Monday, April 21, 2014

why I pursue slow


Every life has it limits and each of us is different and unique. Outside the basics of how God made man to know him and be in right relationship with him, there is not only one way to live a life. Your life and pace might likely kill another person, just as another person’s slow and methodical life might drive you insane.

We all have limitations though.

I was diagnosed with a chronic condition in 2012. It’s name is Meniere’s Disease, and if I’m not careful it’s name really could be “dizzy, black fog, barely functioning days.” It’s not a fun place to be. But there’s always hope, and with lifestyle changes I’ve been able to keep my symptoms at bay and live life mostly uninterrupted by Meniere’s trademark symptoms. 

I’ve sat with this pesky friend for a while now, and she’s come and gone through the years. But she’s pretty faithful to show back up, often at the worst of times. She’s selfish and demands a lot from me, her presence has forced me to make a lot of changes in my life. At first this was hard, I don’t like change and I didn’t really like not feeling like I was in charge of my own body. But really, are any of us in charge of anything when God is sovereign and moves how he will?

Learning to live with this chronic condition has taught me a few things, and I’ve realized that the limitations of it are actually the best of gifts.

Since my diagnosis I’ve become more healthy, I watch what I eat and am careful to avoid certain foods that trigger my symptoms. Since my diagnosis I’ve learned to eliminate stress and take better care of myself. I get more sleep and allow for more margin and downtime in my life. I’ve learned the hard way that if I don’t do these things I pay for it in days lost to fog, fatigue, and the constant sensation of living on a merry go round.

However, I think the best thing about this is that I’ve learned to be okay living slow. I guard my time and have become okay with doing less, because I’ve learned that pushing myself beyond my limits of busy only backfires on me. I say no to lots of extras and that causes me to be really intentional about how I spend my time doing everything else. I know God has given each of us a finite, limited amount of time to do his work here on earth. Knowing my limits has forced me to be very intentional about how I spend that time, learning to make the most of each opportunity. I’ve also learned that I don’t have to say yes to every opportunity that comes my way.
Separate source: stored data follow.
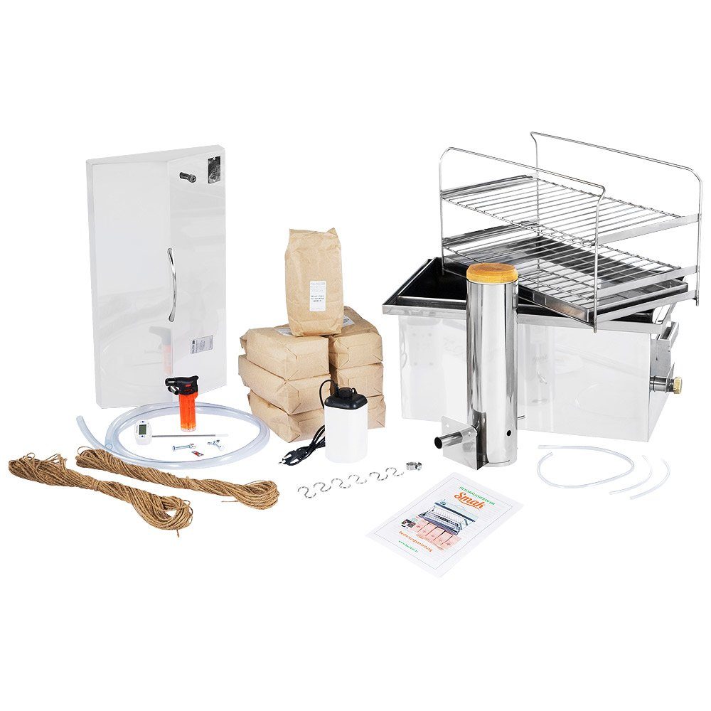 Ausstattung | Edelstahlzylinder abnehmbares Untergestell Edelstahlrauch- und Luftableiter (Kaltrauchgenerator) Deckel aus Erlenholz Doppelkammerluftkompressor Silikonschlauch Holzspäne (versch. Sorten) Befestigungsschrauben Räucherschnur Tragetasche Sturmfeuerzeug Rezeptbuch |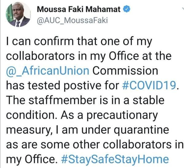 199非盟总部确诊一例新的冠状肺炎病例,非盟委员会主席法基在社交媒体上宣布,非盟总部主席办公室一名工作人员确诊为新的冠状肺炎阳性,目前情况稳定。目前,他已经把自己和家里办公室的其他人隔离开来。
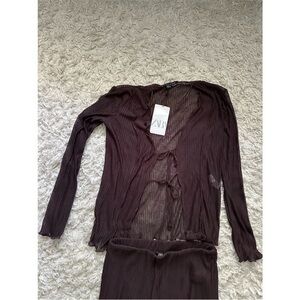 Zara Brown Sheer Pants & Top Set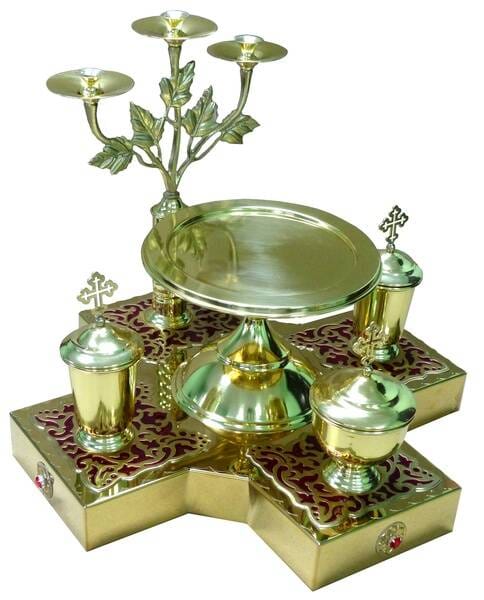 Пропонуємо всенічні блюда, які стануть справжньою окрасою урочистого Богослужіння. Набір складається з підноса з трьома ємностями з кришками, підставки та свічника на три свічки.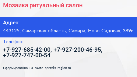 Мозаика, ритуальный салон по адресу 443125, Самарская область, Самара, Ново-Садовая, 389в в дальнейшем Организация, размещена в следующих категориях:

Perhaps the most important thing is that I’ve learned is that embracing our limitations frees us to do the work we are really meant to do.

Chronic condition or not, I think that’s something we all must learn. We are not meant to do it all. But I believe we are meant to do a few things, and do them well. God created within each of us a specific purpose, but we often allow it to get muddled because we simply do too much. We stretch ourselves too thin, and overextend to the point that we’re not really effective in the most important of things. Sometimes we even sacrifice our health or sanity in the process. I don’t want to live my life that way, and I bet that you don’t either. 

I think a lot about something Mark Batterson said, “We can do the work of God at a pace that destroys the work of God in us.” Today can I give you permission to do less? I’m talking to myself as much as anyone here, because the Monday morning list seems long and the temptation to take on too much is so real. But let’s be okay with living slow and intentional. Let’s allow God to narrow our focus to do only what he’s designed us to do. Let’s not destroy that work of God in us.